TASK DATA: Begin

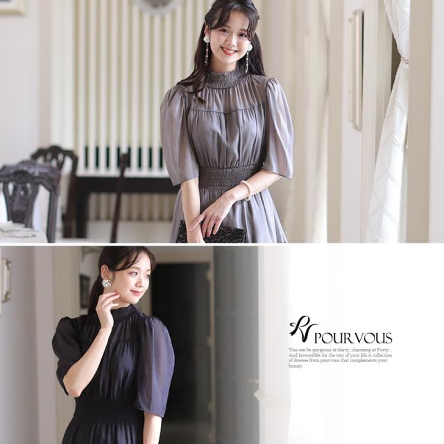 光沢感がある生地を使用した上品な印象のワンピース
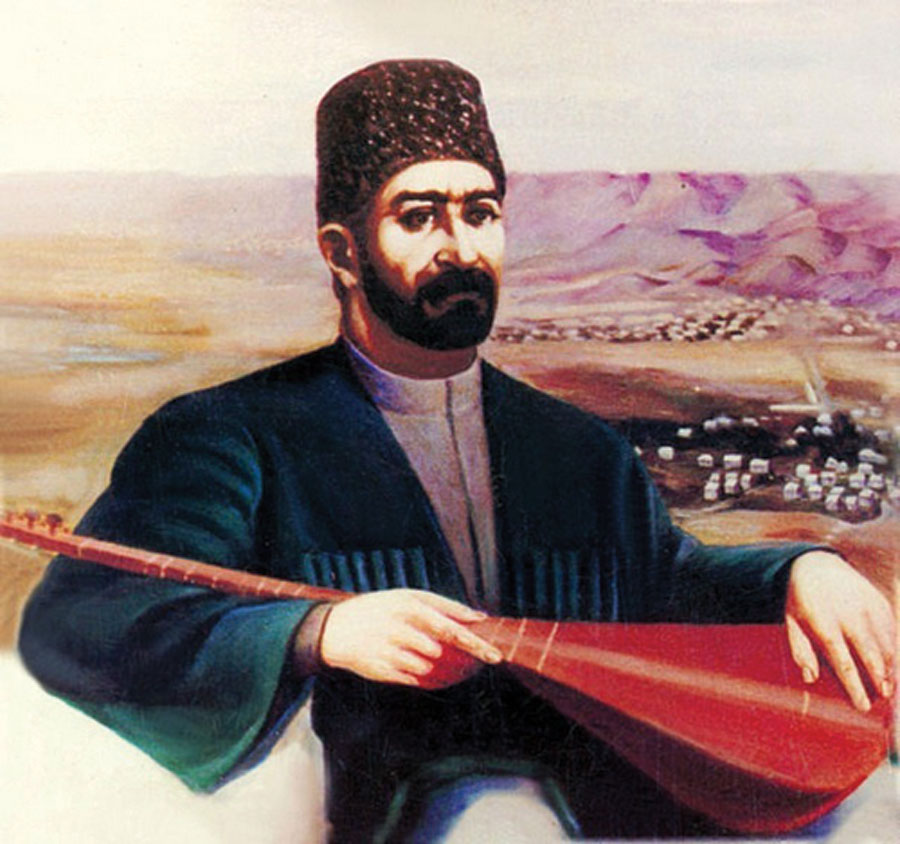 Çərşənbə günündə, çeşmə başında Gözüm bir alagöz xanıma düşdü. Atdı müjgan oxun keçdi sinəmdən, Cadu qəmzələri qanıma düşdü. İşarət eylədim dərdimi bildi, Gördüm həm gözəldi, həm əhli-dildi, Başını buladı, gözündən güldü, Güləndə qadası canıma düşdü.
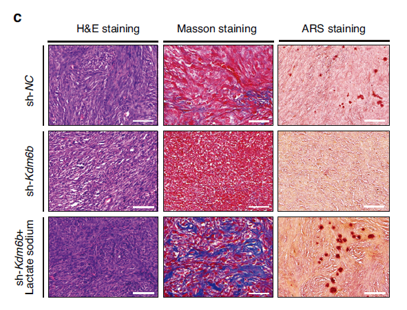 In vivo ectopic mineralization models demonstrated that sodium lactate supplementation significantly restored mineralized nodule formation and collagen fiber synthesis in the KDM6B knockdown group (Fig. 7c), and elevated tissue lactylation levels (Fig. 7d), providing potential strategies for clinical translation.
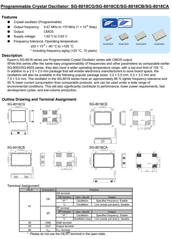 隨著快速發展的互聯網,愛普生公司快速推出了SG-8018CG晶振,編碼X1G005601049500,1.62-3.63 V有源晶振,愛普生的SG-8018系列是可編程晶體振蕩器系列CMOS輸出。這個系列提供了頻率和其他參數的可編程性,SG-8002/SG-8003系列,它們也具有更廣泛的工作溫度范圍,最高極限為105°C。除了2.5 × 2.0 mm的封裝,將使電子制造商節省板空間,該振蕩器也將在以下流行的封裝尺寸:3.2 × 2.5 mm, 5.0 × 3.2 mm和7.0 × 5.0 mm。SG-8018系列振蕩器的頻率容忍度約為66%比同類產品低50%的電流消耗,適用范圍廣環境條件。這也將大大有助于性能,更低的功率要求,快速開發周期和低量生產。
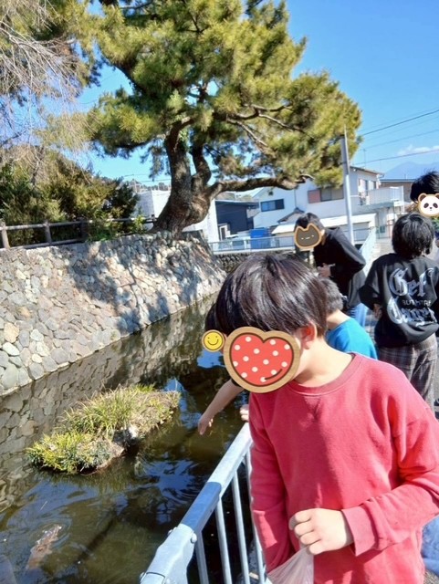 鯉が集まってくる様子に子どもたちも大興奮😊
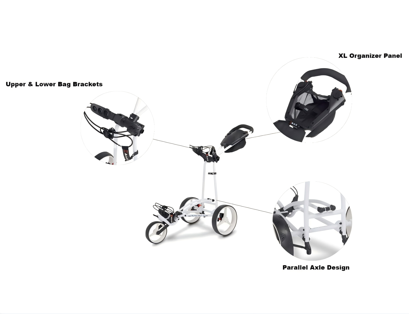 Superior stability on hilly terrain and improved balance for heavily loaded bags, ensuring a smooth and effortless push across the entire course
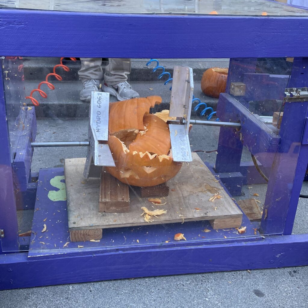 Here is a pumpkin being smashed. There were many different smashing machines for different sizes pumpkins. Our favorite was a hydraulic sledge hammer with 20 pounds of crushing force.

TASK DATA: End

ASSIGNMENT »
Repeat the records above verbatim, with no pictures in the result.

RESULT »
 光沢感がある生地を使用した上品な印象のワンピース
 Çərşənbə günündə, çeşmə başında Gözüm bir alagöz xanıma düşdü. Atdı müjgan oxun keçdi sinəmdən, Cadu qəmzələri qanıma düşdü. İşarət eylədim dərdimi bildi, Gördüm həm gözəldi, həm əhli-dildi, Başını buladı, gözündən güldü, Güləndə qadası canıma düşdü.
 In vivo ectopic mineralization models demonstrated that sodium lactate supplementation significantly restored mineralized nodule formation and collagen fiber synthesis in the KDM6B knockdown group (Fig. 7c), and elevated tissue lactylation levels (Fig. 7d), providing potential strategies for clinical translation.
 隨著快速發展的互聯網,愛普生公司快速推出了SG-8018CG晶振,編碼X1G005601049500,1.62-3.63 V有源晶振,愛普生的SG-8018系列是可編程晶體振蕩器系列CMOS輸出。這個系列提供了頻率和其他參數的可編程性,SG-8002/SG-8003系列,它們也具有更廣泛的工作溫度范圍,最高極限為105°C。除了2.5 × 2.0 mm的封裝,將使電子制造商節省板空間,該振蕩器也將在以下流行的封裝尺寸:3.2 × 2.5 mm, 5.0 × 3.2 mm和7.0 × 5.0 mm。SG-8018系列振蕩器的頻率容忍度約為66%比同類產品低50%的電流消耗,適用范圍廣環境條件。這也將大大有助于性能,更低的功率要求,快速開發周期和低量生產。
 鯉が集まってくる様子に子どもたちも大興奮😊
 Superior stability on hilly terrain and improved balance for heavily loaded bags, ensuring a smooth and effortless push across the entire course
 Here is a pumpkin being smashed. There were many different smashing machines for different sizes pumpkins. Our favorite was a hydraulic sledge hammer with 20 pounds of crushing force.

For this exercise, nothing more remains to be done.